Solve for \( x \) in the quadratic equation \[ \frac{5}{4}x^2 - x + 2 = 5 \] Simplify and solve: \[ \frac{5}{4}x^2 - x - 3 = 0 \] Multiply by 4 to clear the fraction: \[ 5x^2 - 4x - 12 = 0 \] Use the quadratic formula \( x = \frac{-b \pm \sqrt{b^2 - 4ac}}{2a} \) where \( a = 5 \), \( b = -4 \) and \( c = -12 \): \[ x = \frac{4 \pm \sqrt{16 + 240}}{10} \] \[ x = \frac{4 \pm 16}{10} \] \[ x = 2 \] and \[ x = -1.2 \]

- Find Corresponding y-values

For each \( x \) value found, substitute back into the line equation \( y = -\frac{1}{2}x \): When \( x = 2 \): \[ y = -\frac{1}{2}(2) = -1 \] When \( x = -1.2 \): \[ y = -\frac{1}{2}(-1.2) = 0.6 \]

- Identify the Intersection Points

The points of intersection are at the coordinates: \( (2, -1) \) and \( (-1.2, 0.6) \)

Key concepts

graphing equations

Graphing equations is a key skill in algebra and trigonometry. It helps visualize the relationship between variables. For example, the line equation given in the problem is:
-x + 2y = 0.
To graph this line, you can rewrite it in slope-intercept form as y = -1/2x. This makes it easier to plot. Begin by identifying key points. For instance, an x-value of 2 gives y = -1. Plotting several points and drawing a line through them provides the graph.

Similarly, graphing the circle requires paying attention to its standard equation form, (x-h)^2 + (y-k)^2 = r^2. Here, (h, k) is the center, and r is the radius. For the circle (x-1)^2 + (y-1)^2 = 5, the center is (1, 1), and the radius is √5. Plot the center and measure out the radius in all directions to draw the circle.

points of intersection

Finding points of intersection involves identifying where two graphs meet. For the exercise, we seek where the line and circle intersect.

To find these points, substitute the y-value from the line equation into the circle equation. This substitution results in a quadratic equation that can be solved for x. Once x-values are found, substitute them back into the line equation to determine corresponding y-values. In this problem, solving the equations gives us the points of intersection: (2, -1) and (-1.2, 0.6). These are the coordinates where both the line and circle intersect.

quadratic formula

The quadratic formula is essential for solving quadratic equations like the one we obtained after substituting the line equation into the circle equation. The standard form of a quadratic equation is ax^2 + bx + c = 0. The quadratic formula, x = (-b ± √(b²-4ac))/(2a), gives the solutions directly.

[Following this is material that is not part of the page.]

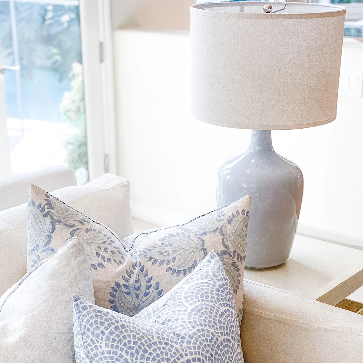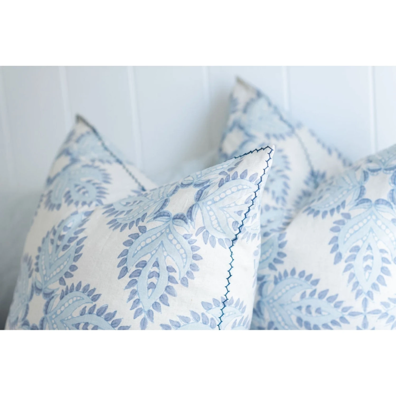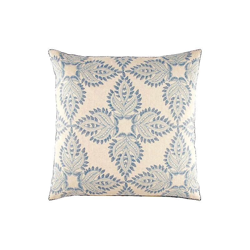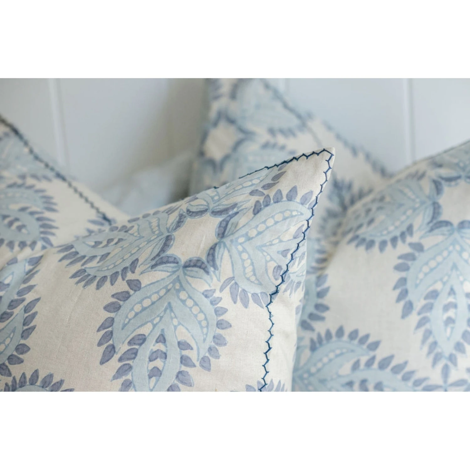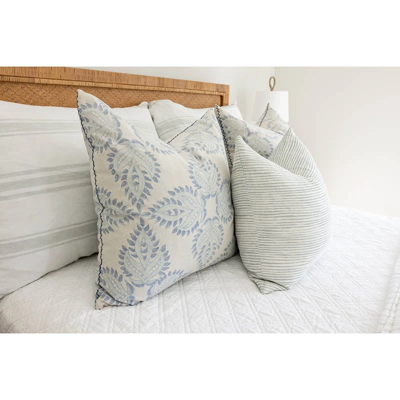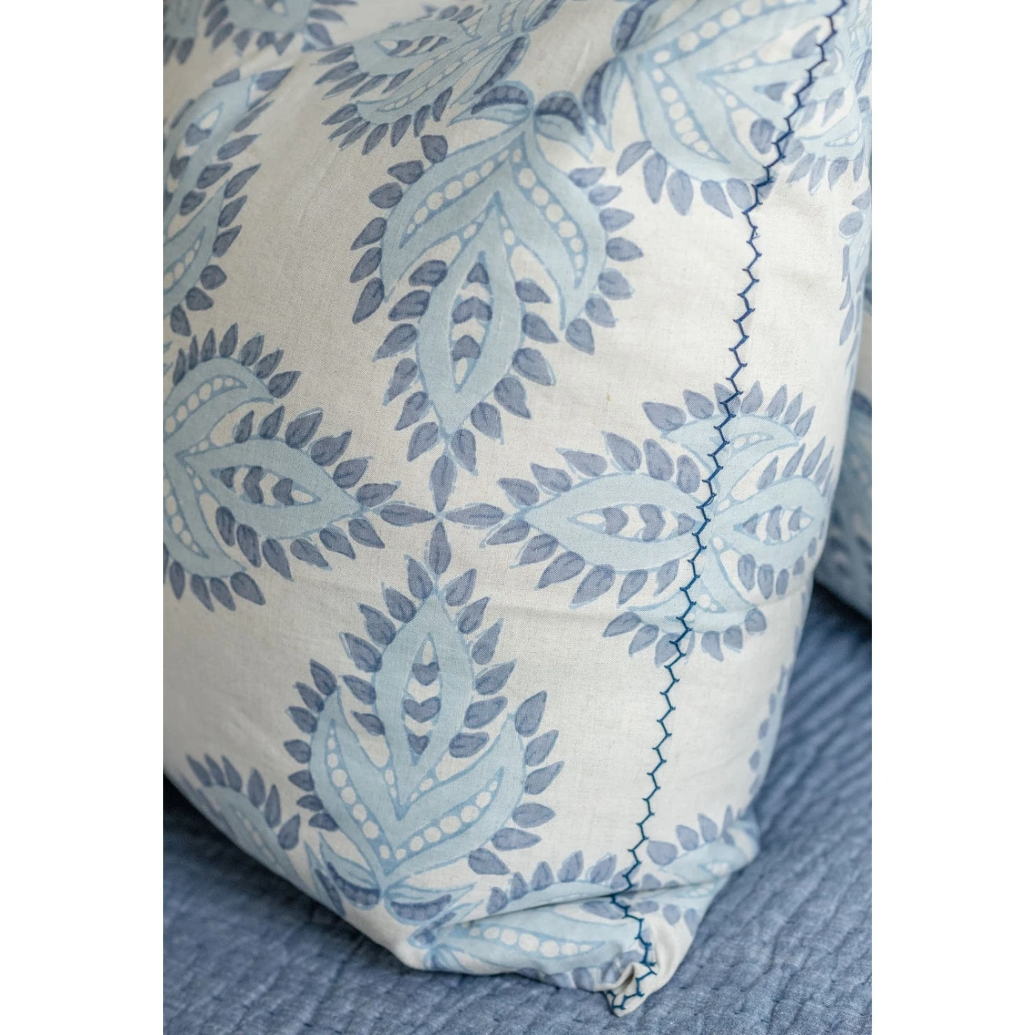Our Verdin Lapis Euro Pillow comes from celebrated textile designer John Robshaw, and features muted blues against cream to achieve a design that is as dreamy as it is soothing. This best-selling design is block printed by hand on super soft cotton linen with hand stitched edging. This euro sized decorative pillow is perfect for dressing up a bed or an oversized sofa, and is designed to be mixed and matched with other patterns to elevate your interior.

In this exercise, the quadratic equation was 5/4x^2 - x - 3 = 0. By multiplying by 4 to clear the fraction, we had 5x^2 - 4x - 12 = 0. Using the quadratic formula with a = 5, b = -4, and c = -12, we solved for x, yielding the solutions x = 2 and x = -1.2.

circle equations

Circle equations are typically written in the form (x-h)^2 + (y-k)^2 = r^2 where (h, k) denotes the center, and r is the radius. For our problem, the circle equation is (x-1)^2 + (y-1)^2 = 5. This tells us that the circle's center is at (1, 1), and the radius is √5 (since 5 is the square of the radius).

The center and radius can help graph a circle accurately. Circle equations may require manipulation, like completing the square when not in standard form. Here, identifying these parameters quickly reveals both the circle's size and position on the coordinate plane.

line equations

Line equations can come in various forms: general form (Ax + By = C), slope-intercept form (y = mx + b), and point-slope form (y - y1 = m(x - x1)). In this exercise, the given line equation is x + 2y = 0. By converting it to slope-intercept form, y = -1/2x, we make it easier to graph. 

The slope-intercept form highlights the line's slope, m = -1/2, which indicates its steepness and direction. Starting from this form simplifies finding key points along the line. For example, at x = 2, y = -1 gives us one point on the graph. These methods illustrate that converting and graphing line equations leverages their inherent properties for better visualization.